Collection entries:

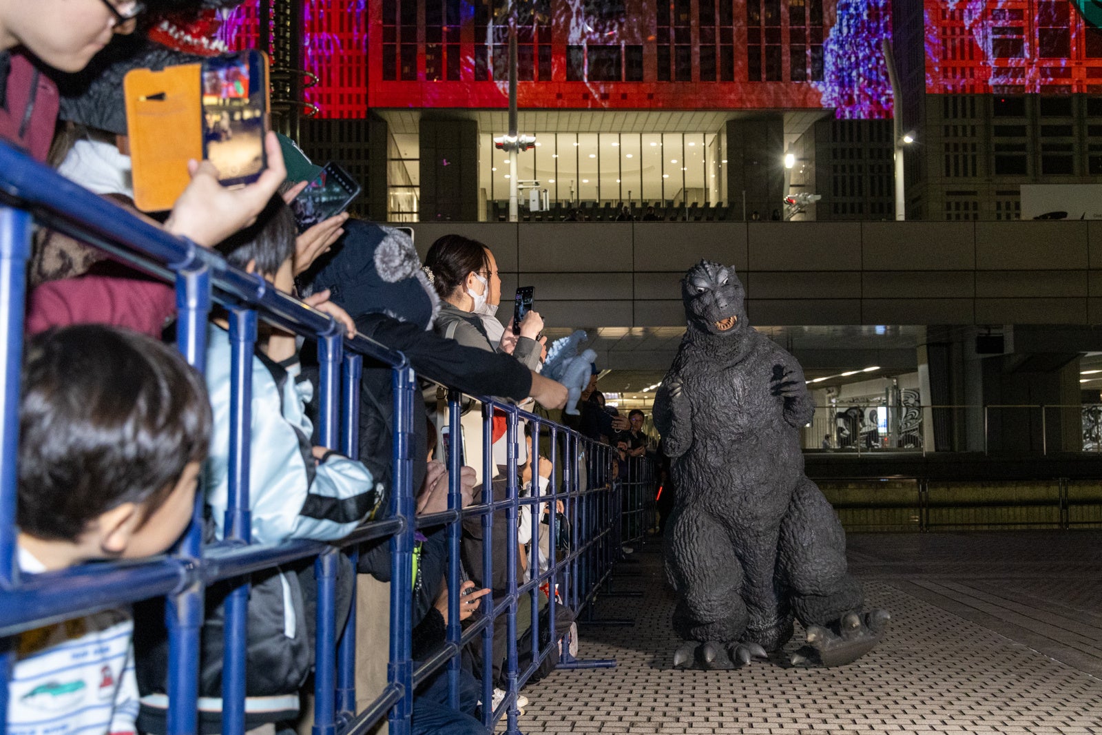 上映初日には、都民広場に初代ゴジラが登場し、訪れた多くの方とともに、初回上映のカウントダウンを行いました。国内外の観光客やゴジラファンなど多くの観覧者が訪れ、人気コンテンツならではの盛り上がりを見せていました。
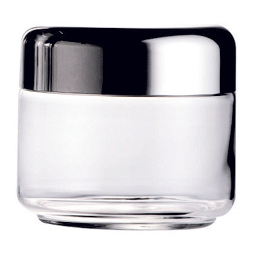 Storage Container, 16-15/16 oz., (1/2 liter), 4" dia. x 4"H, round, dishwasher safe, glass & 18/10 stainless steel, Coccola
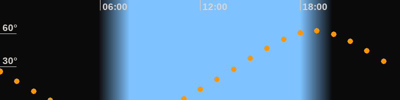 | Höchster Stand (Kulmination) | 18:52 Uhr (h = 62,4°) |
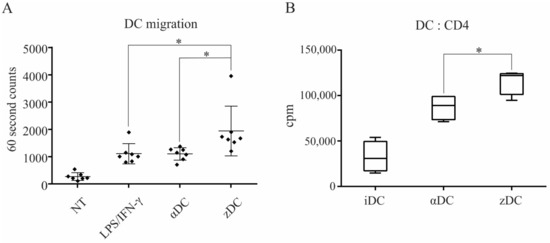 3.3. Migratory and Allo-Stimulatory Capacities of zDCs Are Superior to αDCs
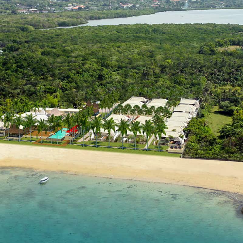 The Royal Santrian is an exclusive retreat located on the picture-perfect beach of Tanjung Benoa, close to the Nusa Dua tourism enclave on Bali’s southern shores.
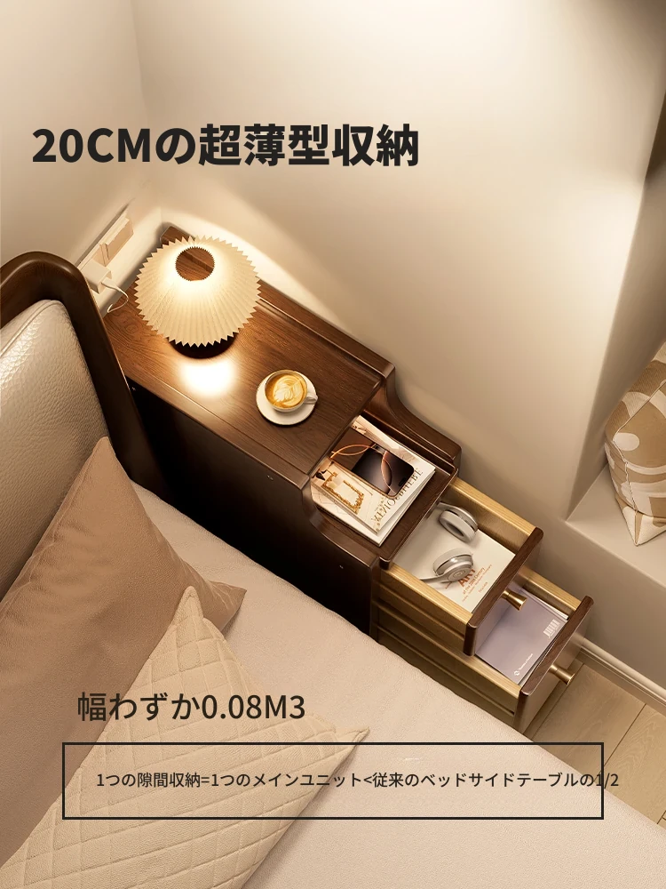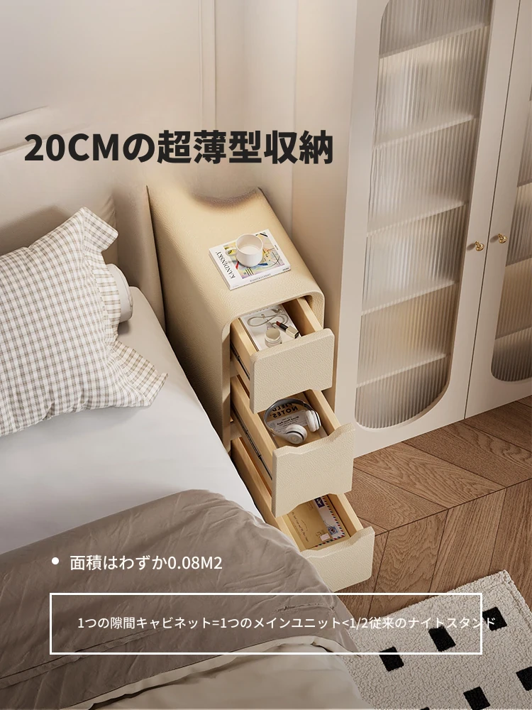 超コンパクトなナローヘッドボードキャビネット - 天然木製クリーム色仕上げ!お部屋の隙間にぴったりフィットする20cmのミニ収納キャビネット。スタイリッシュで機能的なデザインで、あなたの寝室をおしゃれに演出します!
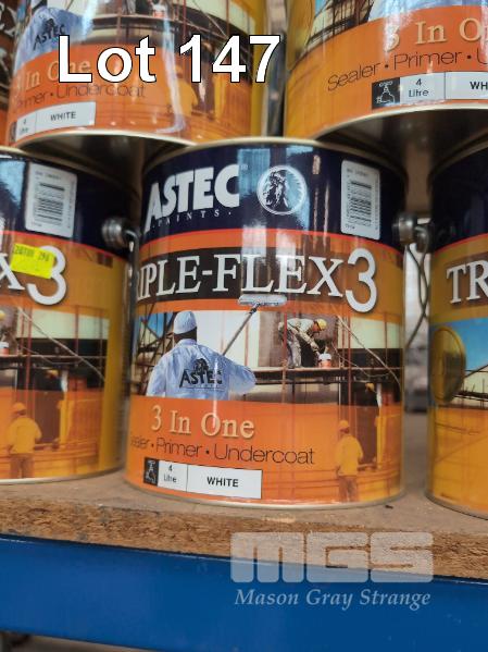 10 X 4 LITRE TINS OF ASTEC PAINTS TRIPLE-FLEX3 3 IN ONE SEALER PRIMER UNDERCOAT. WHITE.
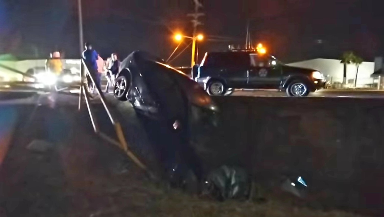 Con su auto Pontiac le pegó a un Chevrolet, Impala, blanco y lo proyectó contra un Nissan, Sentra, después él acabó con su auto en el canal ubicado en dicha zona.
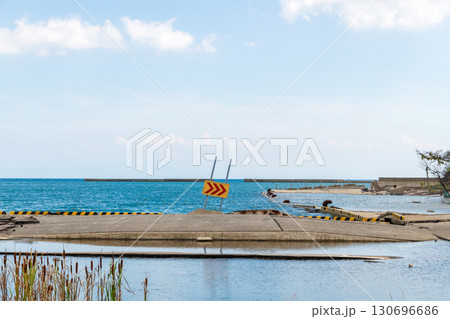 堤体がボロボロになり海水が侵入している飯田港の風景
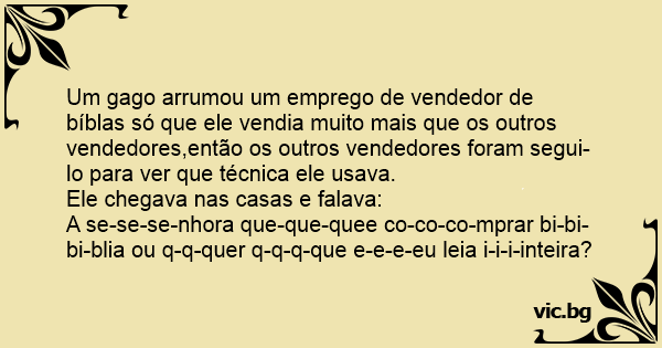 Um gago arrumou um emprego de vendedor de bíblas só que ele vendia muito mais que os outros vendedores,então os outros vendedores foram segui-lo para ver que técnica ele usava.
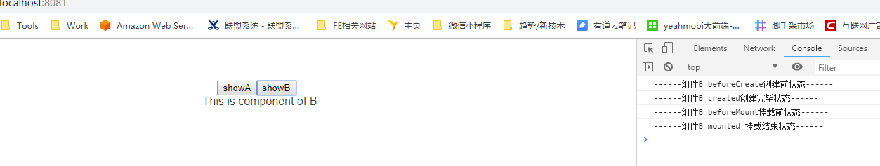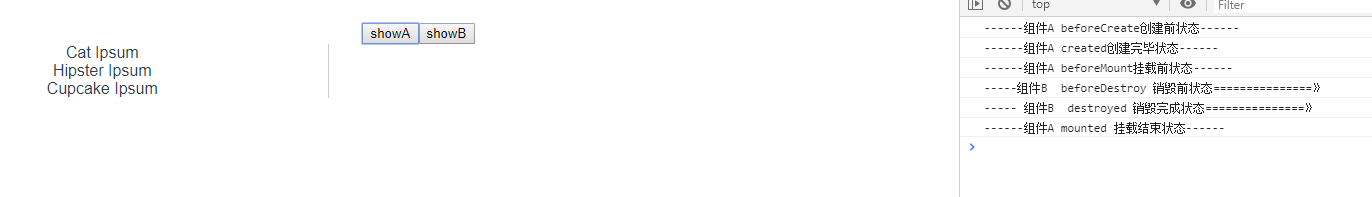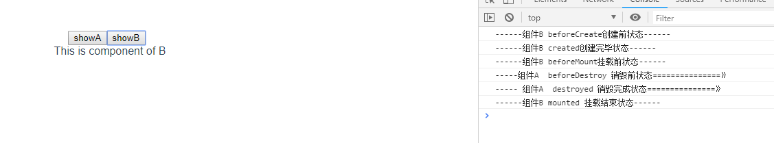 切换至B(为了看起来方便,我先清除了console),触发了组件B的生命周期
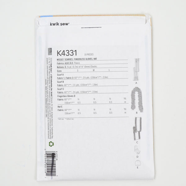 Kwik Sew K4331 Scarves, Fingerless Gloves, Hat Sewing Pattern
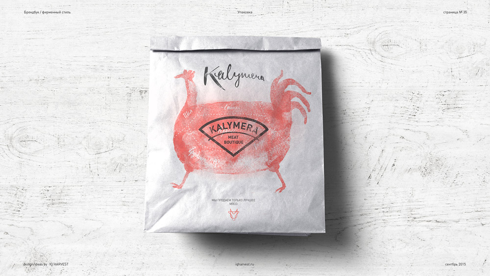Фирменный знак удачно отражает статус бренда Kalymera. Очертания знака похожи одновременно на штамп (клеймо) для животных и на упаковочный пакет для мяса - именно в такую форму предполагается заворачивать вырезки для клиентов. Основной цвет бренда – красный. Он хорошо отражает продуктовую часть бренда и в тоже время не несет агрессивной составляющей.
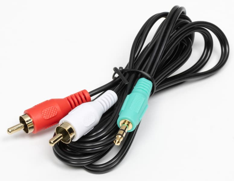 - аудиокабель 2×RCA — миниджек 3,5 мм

| BRIEF |
In repeating the lines above, keep the wording exact and leave every picture out.

| TASK RESPONSE |
 上映初日には、都民広場に初代ゴジラが登場し、訪れた多くの方とともに、初回上映のカウントダウンを行いました。国内外の観光客やゴジラファンなど多くの観覧者が訪れ、人気コンテンツならではの盛り上がりを見せていました。
 Storage Container, 16-15/16 oz., (1/2 liter), 4" dia. x 4"H, round, dishwasher safe, glass & 18/10 stainless steel, Coccola
 | Höchster Stand (Kulmination) | 18:52 Uhr (h = 62,4°) |
 3.3. Migratory and Allo-Stimulatory Capacities of zDCs Are Superior to αDCs
 The Royal Santrian is an exclusive retreat located on the picture-perfect beach of Tanjung Benoa, close to the Nusa Dua tourism enclave on Bali’s southern shores.
 超コンパクトなナローヘッドボードキャビネット - 天然木製クリーム色仕上げ!お部屋の隙間にぴったりフィットする20cmのミニ収納キャビネット。スタイリッシュで機能的なデザインで、あなたの寝室をおしゃれに演出します!
 10 X 4 LITRE TINS OF ASTEC PAINTS TRIPLE-FLEX3 3 IN ONE SEALER PRIMER UNDERCOAT. WHITE.
 Con su auto Pontiac le pegó a un Chevrolet, Impala, blanco y lo proyectó contra un Nissan, Sentra, después él acabó con su auto en el canal ubicado en dicha zona.
 堤体がボロボロになり海水が侵入している飯田港の風景
 Um gago arrumou um emprego de vendedor de bíblas só que ele vendia muito mais que os outros vendedores,então os outros vendedores foram segui-lo para ver que técnica ele usava.
 切换至B(为了看起来方便,我先清除了console),触发了组件B的生命周期
 Kwik Sew K4331 Scarves, Fingerless Gloves, Hat Sewing Pattern
Фирменный знак удачно отражает статус бренда Kalymera. Очертания знака похожи одновременно на штамп (клеймо) для животных и на упаковочный пакет для мяса - именно в такую форму предполагается заворачивать вырезки для клиентов. Основной цвет бренда – красный. Он хорошо отражает продуктовую часть бренда и в тоже время не несет агрессивной составляющей.
 - аудиокабель 2×RCA — миниджек 3,5 мм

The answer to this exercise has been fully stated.